_Provided records_
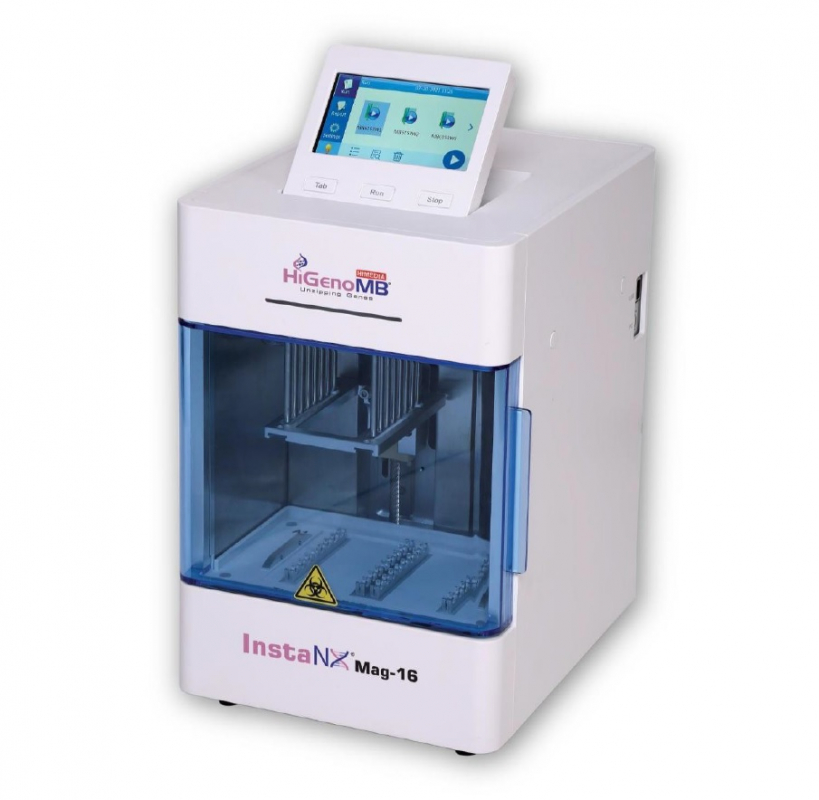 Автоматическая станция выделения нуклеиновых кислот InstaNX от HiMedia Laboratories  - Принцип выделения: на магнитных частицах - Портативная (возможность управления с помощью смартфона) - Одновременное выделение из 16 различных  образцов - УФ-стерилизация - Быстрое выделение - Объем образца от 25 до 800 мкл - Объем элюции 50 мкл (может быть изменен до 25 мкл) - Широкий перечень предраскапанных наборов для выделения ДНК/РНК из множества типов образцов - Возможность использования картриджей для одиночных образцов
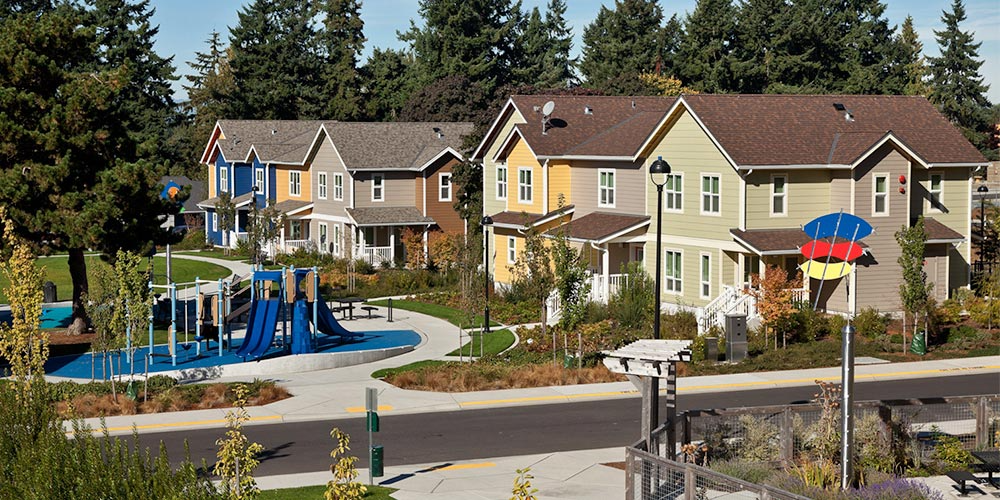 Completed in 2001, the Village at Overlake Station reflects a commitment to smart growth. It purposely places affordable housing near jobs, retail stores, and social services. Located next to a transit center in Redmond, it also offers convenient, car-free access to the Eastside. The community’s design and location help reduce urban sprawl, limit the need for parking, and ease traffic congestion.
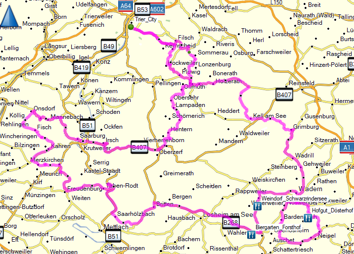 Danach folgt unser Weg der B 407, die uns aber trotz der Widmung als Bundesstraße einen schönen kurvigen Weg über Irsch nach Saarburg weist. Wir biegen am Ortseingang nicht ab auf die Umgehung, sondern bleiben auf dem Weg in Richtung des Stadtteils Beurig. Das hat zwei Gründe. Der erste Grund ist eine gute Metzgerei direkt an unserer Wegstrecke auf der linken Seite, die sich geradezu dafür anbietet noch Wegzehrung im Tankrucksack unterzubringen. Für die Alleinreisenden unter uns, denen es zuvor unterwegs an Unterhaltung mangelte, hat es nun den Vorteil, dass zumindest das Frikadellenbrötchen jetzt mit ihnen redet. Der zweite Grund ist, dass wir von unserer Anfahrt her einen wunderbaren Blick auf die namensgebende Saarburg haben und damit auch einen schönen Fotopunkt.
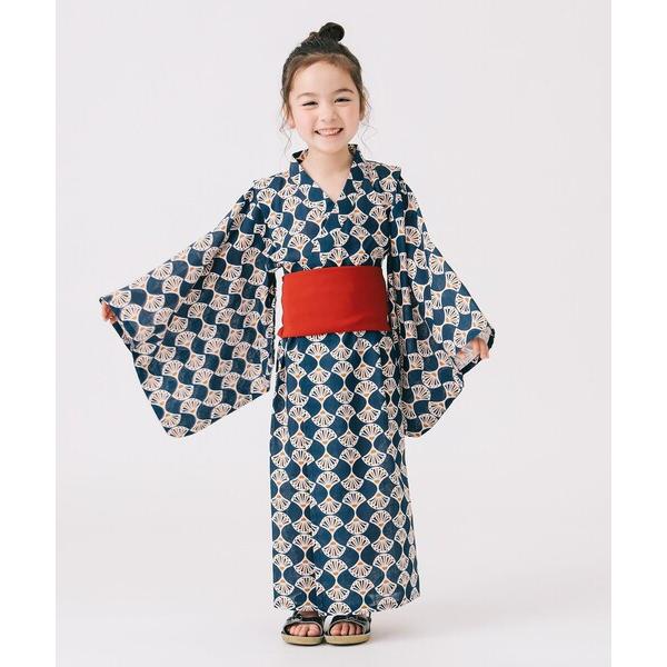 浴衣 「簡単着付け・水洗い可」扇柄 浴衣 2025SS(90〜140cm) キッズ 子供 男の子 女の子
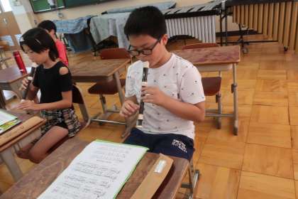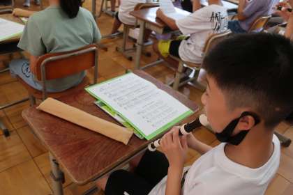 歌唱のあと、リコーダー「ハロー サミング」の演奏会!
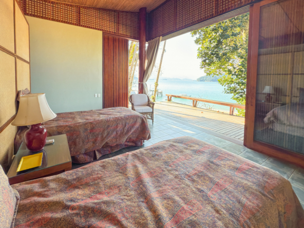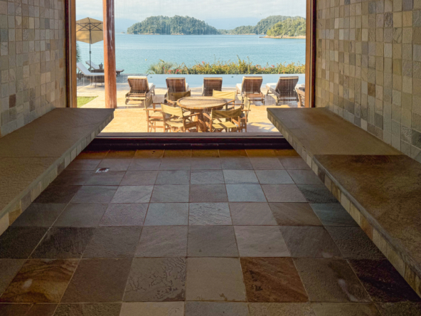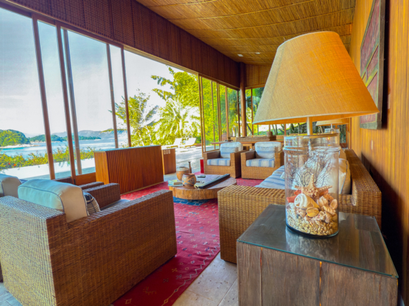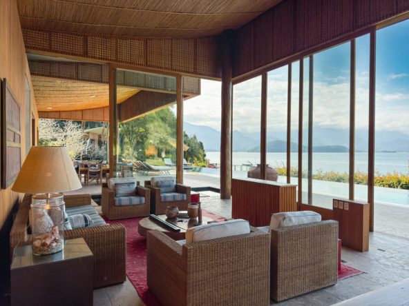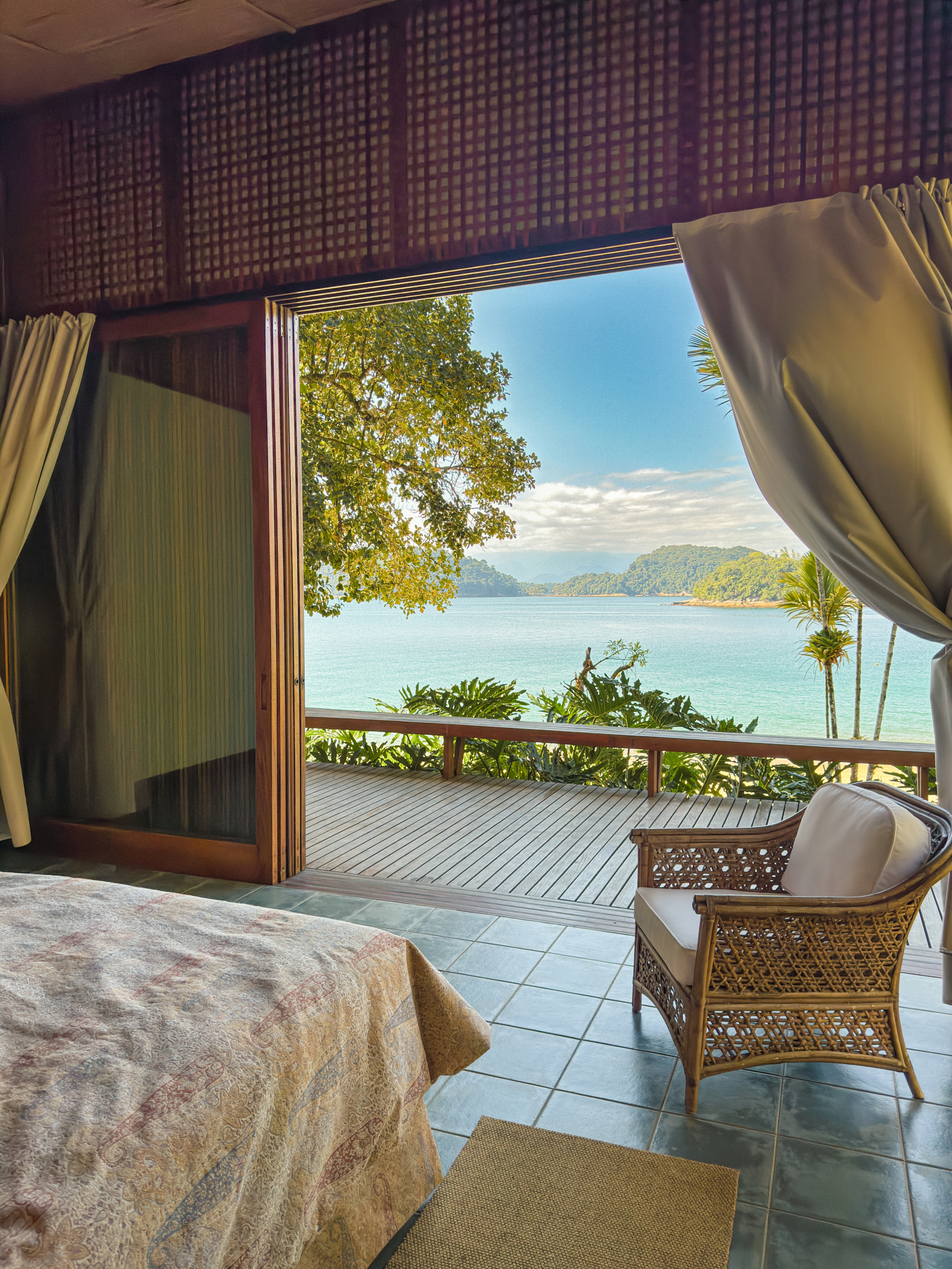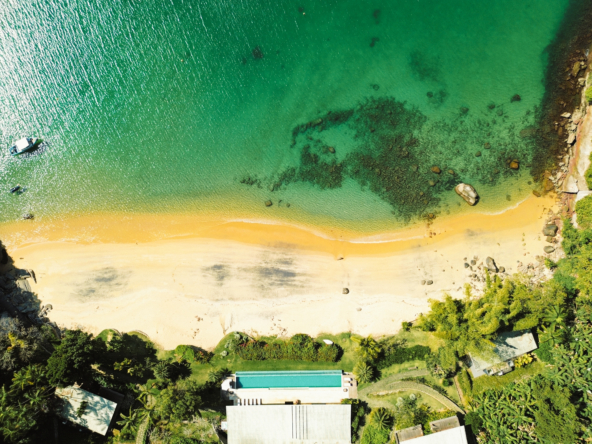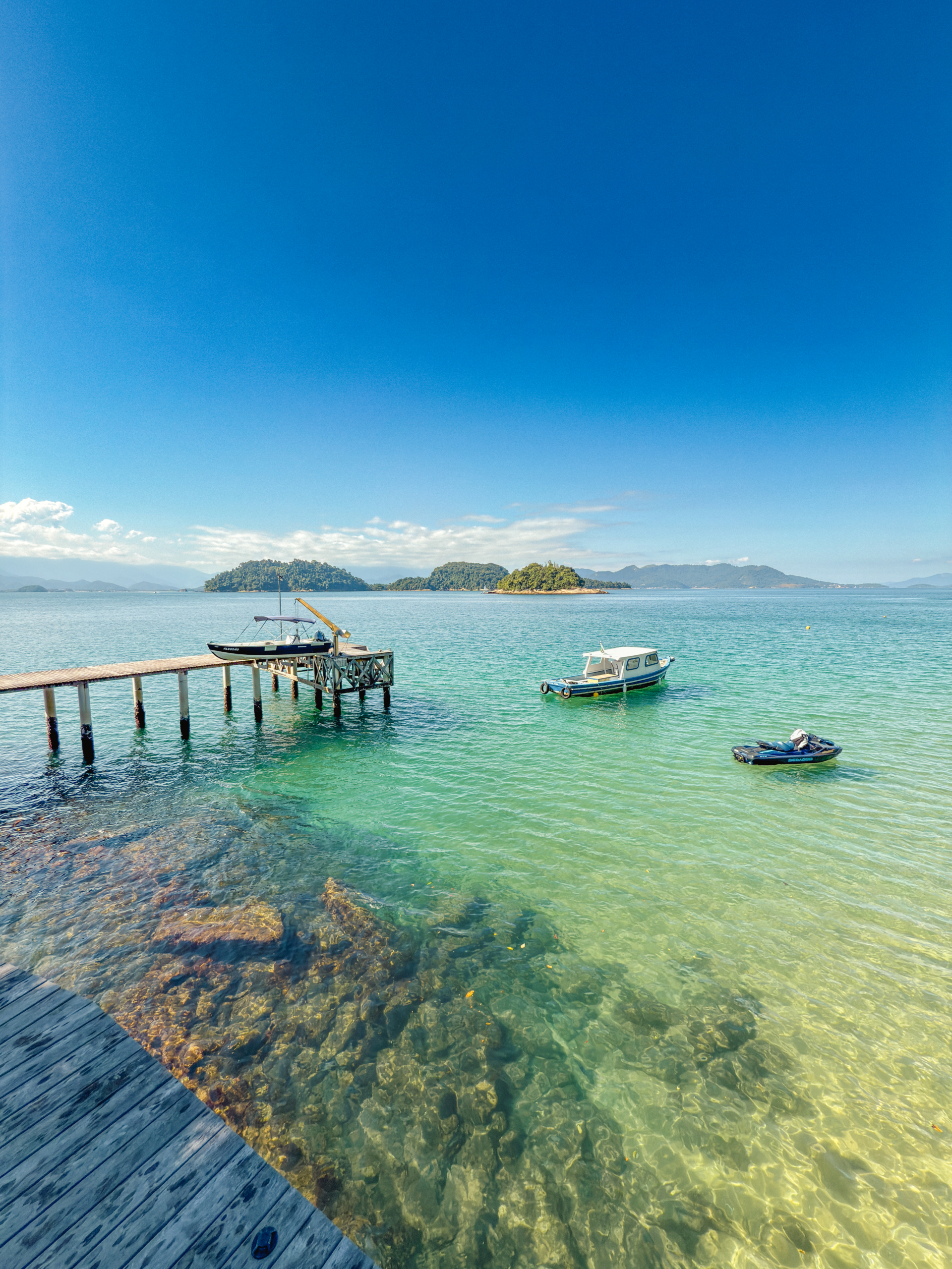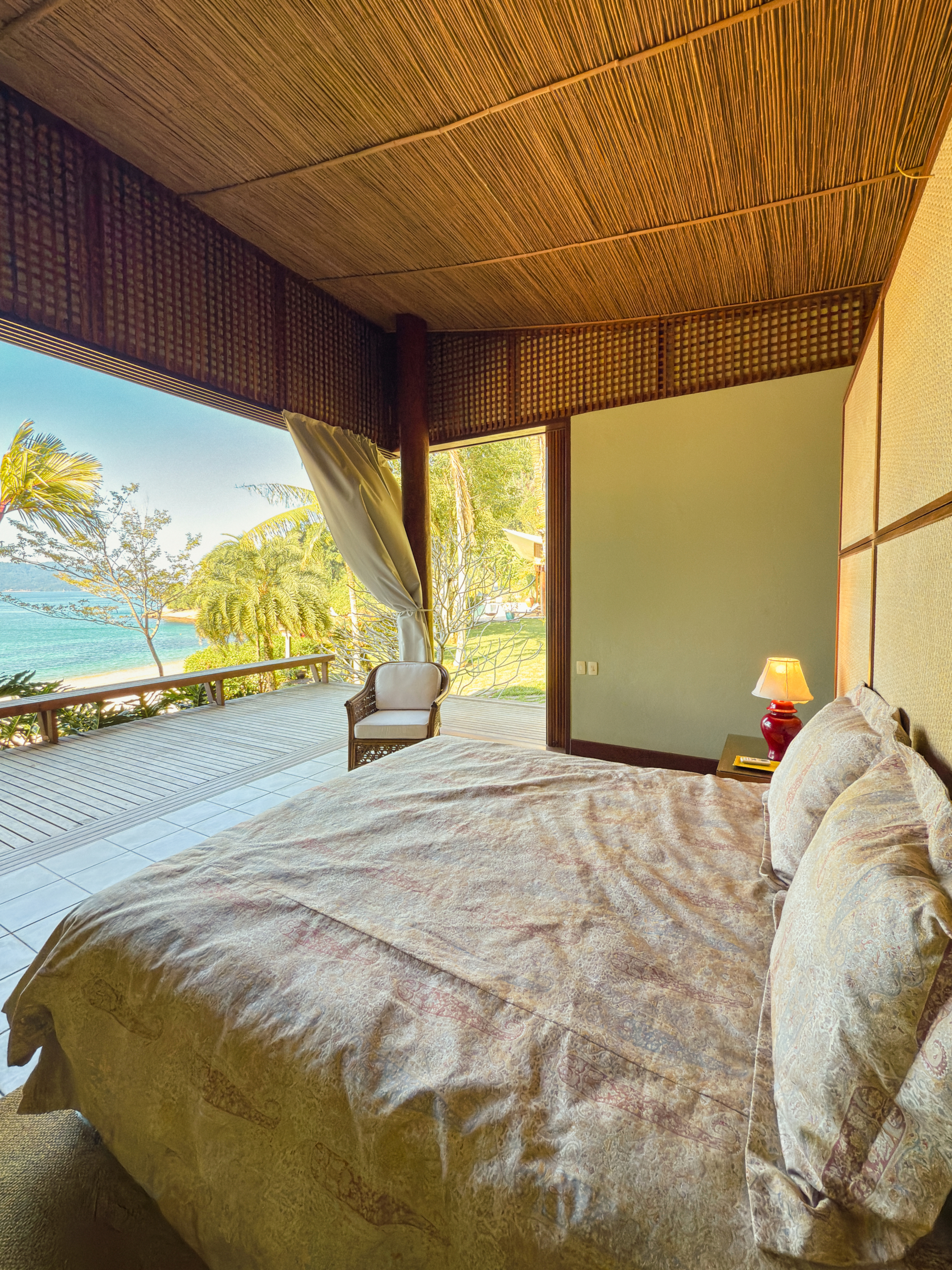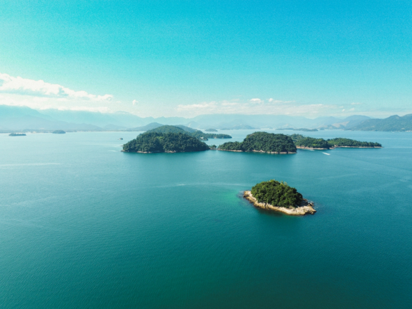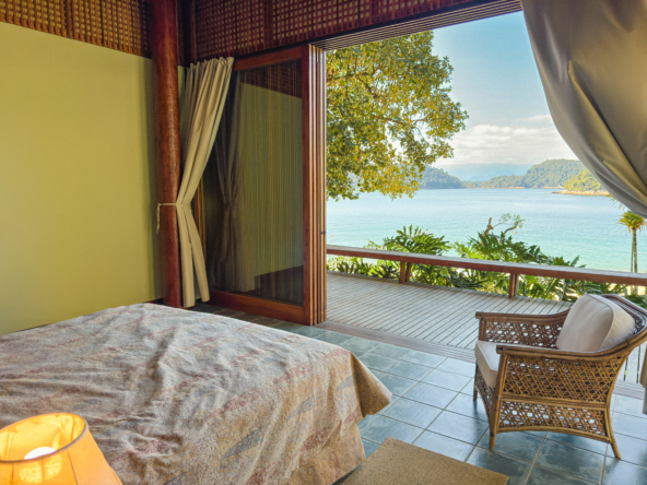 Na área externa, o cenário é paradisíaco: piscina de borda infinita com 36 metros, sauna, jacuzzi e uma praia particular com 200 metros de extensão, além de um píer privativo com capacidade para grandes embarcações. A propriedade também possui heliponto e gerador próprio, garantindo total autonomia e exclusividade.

_Task description_
Lines from the start of the material through the line containing "Completed in 2001, the" are to be restated word for word; no picture may be included.

_Response area_
 Автоматическая станция выделения нуклеиновых кислот InstaNX от HiMedia Laboratories  - Принцип выделения: на магнитных частицах - Портативная (возможность управления с помощью смартфона) - Одновременное выделение из 16 различных  образцов - УФ-стерилизация - Быстрое выделение - Объем образца от 25 до 800 мкл - Объем элюции 50 мкл (может быть изменен до 25 мкл) - Широкий перечень предраскапанных наборов для выделения ДНК/РНК из множества типов образцов - Возможность использования картриджей для одиночных образцов
 Completed in 2001, the Village at Overlake Station reflects a commitment to smart growth. It purposely places affordable housing near jobs, retail stores, and social services. Located next to a transit center in Redmond, it also offers convenient, car-free access to the Eastside. The community’s design and location help reduce urban sprawl, limit the need for parking, and ease traffic congestion.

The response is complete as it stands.